Originally Posted by susan12
Solution. 17 | (2x + 3y) ⇒ 17 | [13(2x + 3y)], or 17 | (26x + 39y) ⇒ 17 | (9x + 5y)

Perhaps the unclear step is 17 | (26x + 39y) ⇒ 17 | (9x + 5y). The reason is that 26x = 17x + 9x and 39y = 2 * 17y + 5y.

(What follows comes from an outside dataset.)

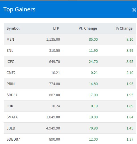 त्यस्तै, इमर्जिङ नेपाल लिमिटेडको ३.९९ प्रतिशत, आइसिएफसि फाइनान्सको ३.९५ प्रतिशत, सिटिजन्स म्युचुअल फण्डको २.१० प्रतिशत र प्रभु इन्स्योरेन्सको १.९५ प्रतिशतले बढेको छ ।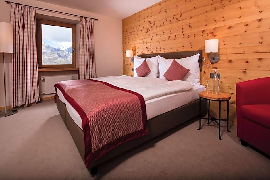 Rustically furnished room with a balcony overlooking the Matterhorn, satellite TV, a safe, and a private bathroom. Please note that the view of the Matterhorn is only from the balcony, not from inside the room. Please note that extra beds are not available in this room type.

So, if 26x + 39y = 17k for an integer k, then 9x + 5y + 17(x + 2y) = 17k and thus 9x + 5y = 17(k - x - 2y).
• Jul 23rd 2012, 07:34 AM
richard1234
Re: Basic number theory problem
You can freely add/subtract multiples of 17. From $17 | (26x + 39y) \Rightarrow 17 | 9x + 5y$, the writer subtracted 17x + 34y, which is valid (because it is congruent to 0 (mod 17)).
• Jul 23rd 2012, 08:38 AM
Deveno
Re: Basic number theory problem
for emphasis:

suppose p (a positive integer) divides a+b and p divides a. then p must also divide b.

p divides a+b means a+b = kp, for some integer k.

p divides a means a = mp, for some integer m.

so then b = (a+b) - a = kp - mp = (k - m)p, and surely k - m is an integer if k and m are, so p divides b.